Какое-то время, Мила пыталась разобраться в этой философии, но так до конца не поняв её, неожиданно, прежде всего, для себя самой, сделала вывод:

– Значит, стареем только мы, женщины?

– Увы, звучит грубо, но такова природа. Пожилые дамы невольно становятся хозяйками своей жизни и их независимость гораздо выше, чем у их сверстников мужского пола. Дедкам достаётся только, если не запоздалая прыть, то какие-нибудь сопли. Ты сама попробуй-ка, отыскать в себе ту девчонку, которая носилась с утра до вечера с пацанами в далёком заводском квартале. А твой удар с левой ноги по резиновому мячу…, – ему завидовали многие мальчишки. А как насчёт импровизированного концерта во дворе, где ты пела песенку про снег, – говорил старик из зеркала, а Мила удивлялась не тому, откуда ему про всё это известно, а тому, что действительно очень редко вспоминала эту девочку из далёкого детства.
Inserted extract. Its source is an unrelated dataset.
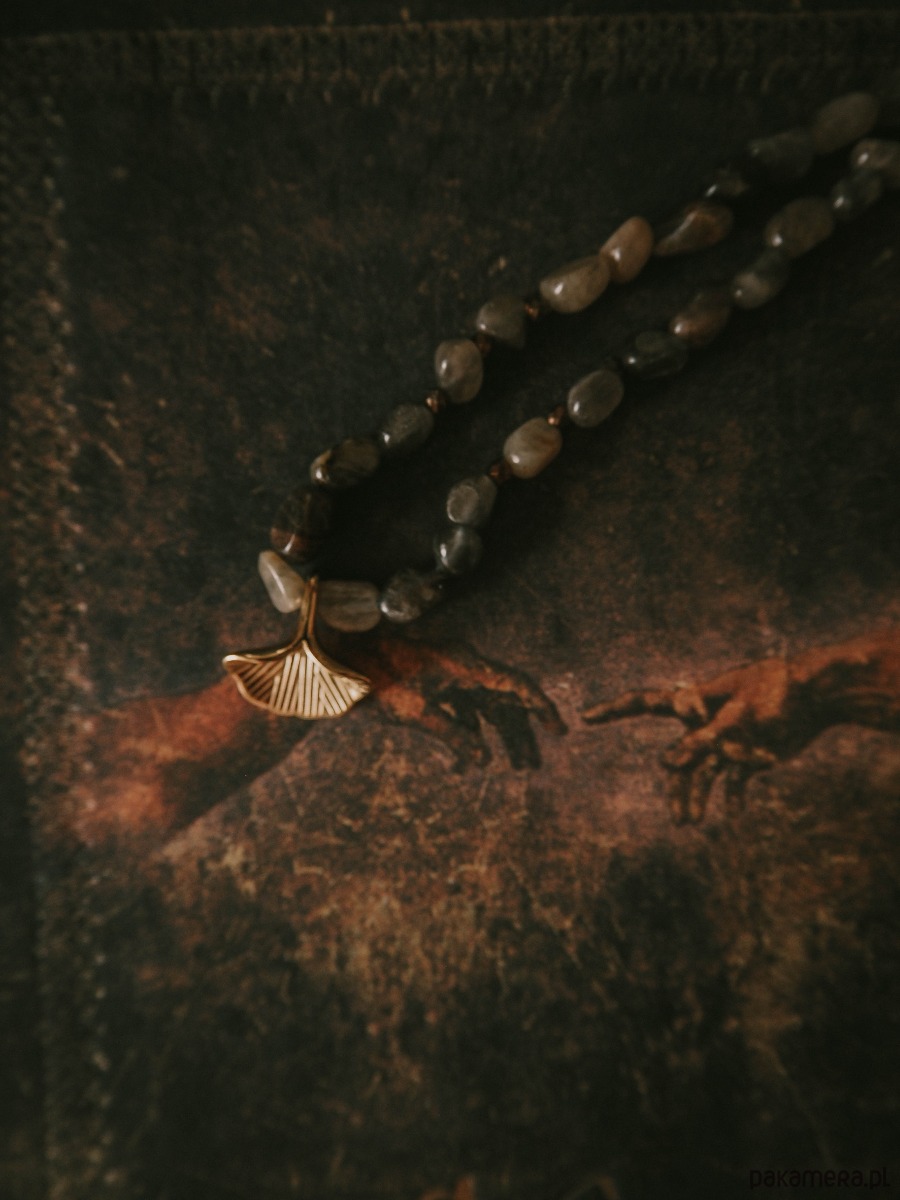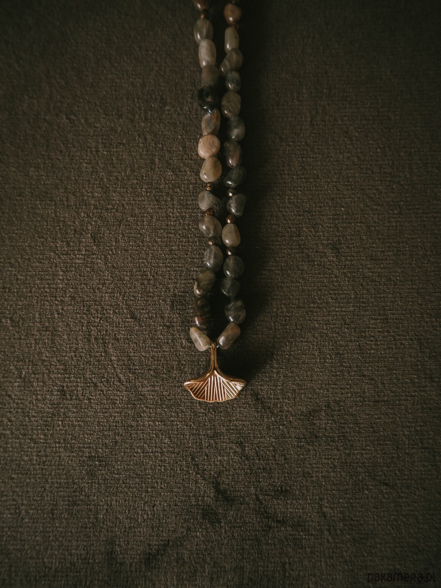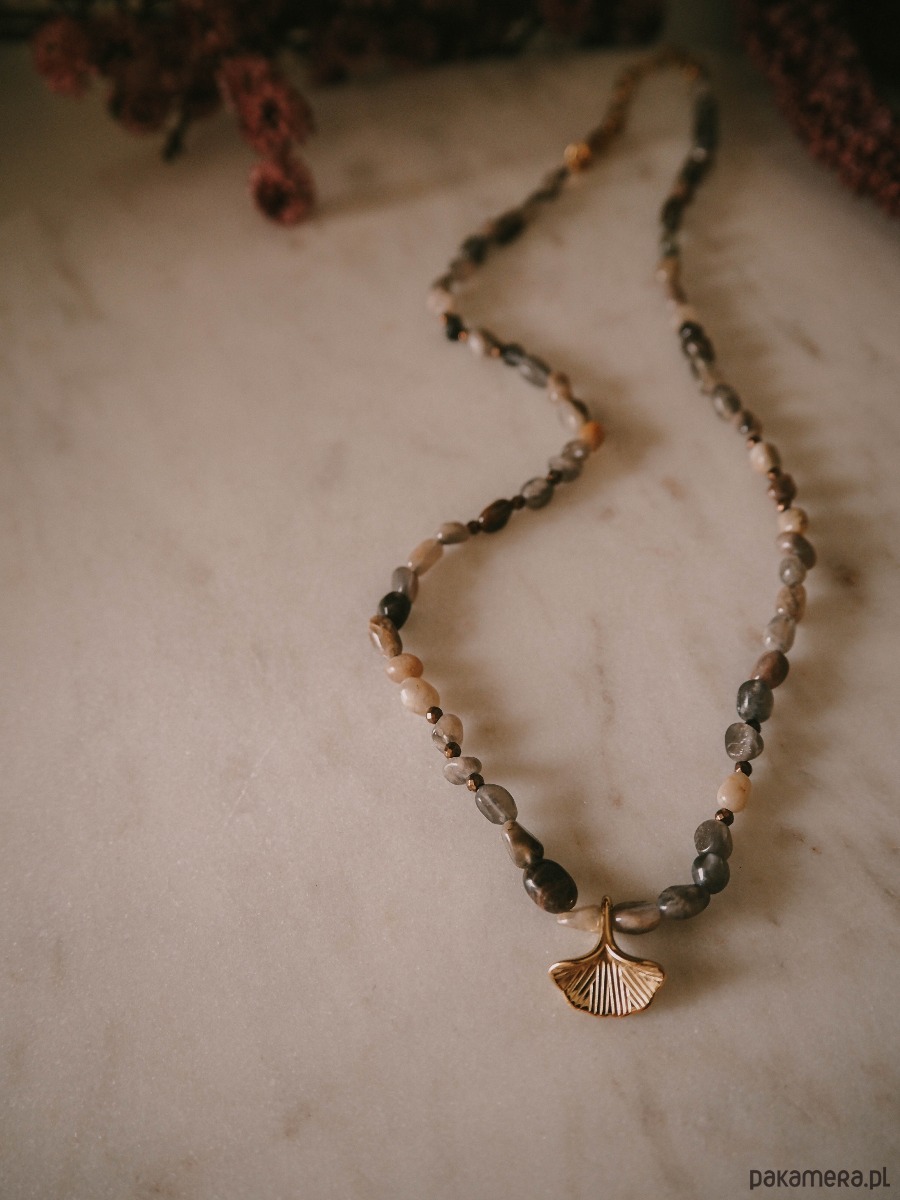 Centralnym akcentem jest zawieszka w kształcie liścia miłorzębu – symbolu siły, równowagi i długowieczności. Jego organiczna forma pięknie komponuje się z naturalnymi kamieniami, tworząc harmonijną całość inspirowaną naturą.

Миле уже казалось, что она когда-то очень давно всего лишь любовалась этой девочкой со стороны, как обычная прохожая. А старец продолжал: – Тому же Валентину ничего не стоит выстрогать прямо сейчас рогатку, чтобы сбить с ели шишку, на которую ты укажешь пальцем.

Мила представила себе такое занятие, засмеялась и звонко пообещала с задорным вызовом:

– А я попробую. Вот возьму и попрошу его. Заодно и проверим.

– Тут и проверять нечего, – ответил необычный старик в зеркале, – он это сделает. Здесь важно другое: – захочешь ли ты наблюдать за этим, не расстраиваясь по поводу этой его мальчишеской прыти. Ведь нахлынет тяжёлое и обидное напоминание о годах, и сожаление о том, что счастье твоё пришло так поздно. С возрастом пространство сжимается, добросердечная Мила; двор из полигона детских игр превратился в маленький клочок земли для сушки белья, дорога до города, которая ребёнку видится, чуть ли не кругосветным путешествием, для тебя уже стала обыденностью длинною всего лишь в четыре остановки. А время, в целом, неумолимо начинает ускоряться; с каждым годом, с каждым месяцем и с каждым прожитым днём. И вроде бы, давно ты научилась разумно планировать свои дела, а его – этого времени, каким-то невероятным образом, всё чаще и чаще начнёт недоставать. Так что, торопись, благодушная Мила, и не сожалей подолгу о прошлом, потому что многие увязают в этой трясине.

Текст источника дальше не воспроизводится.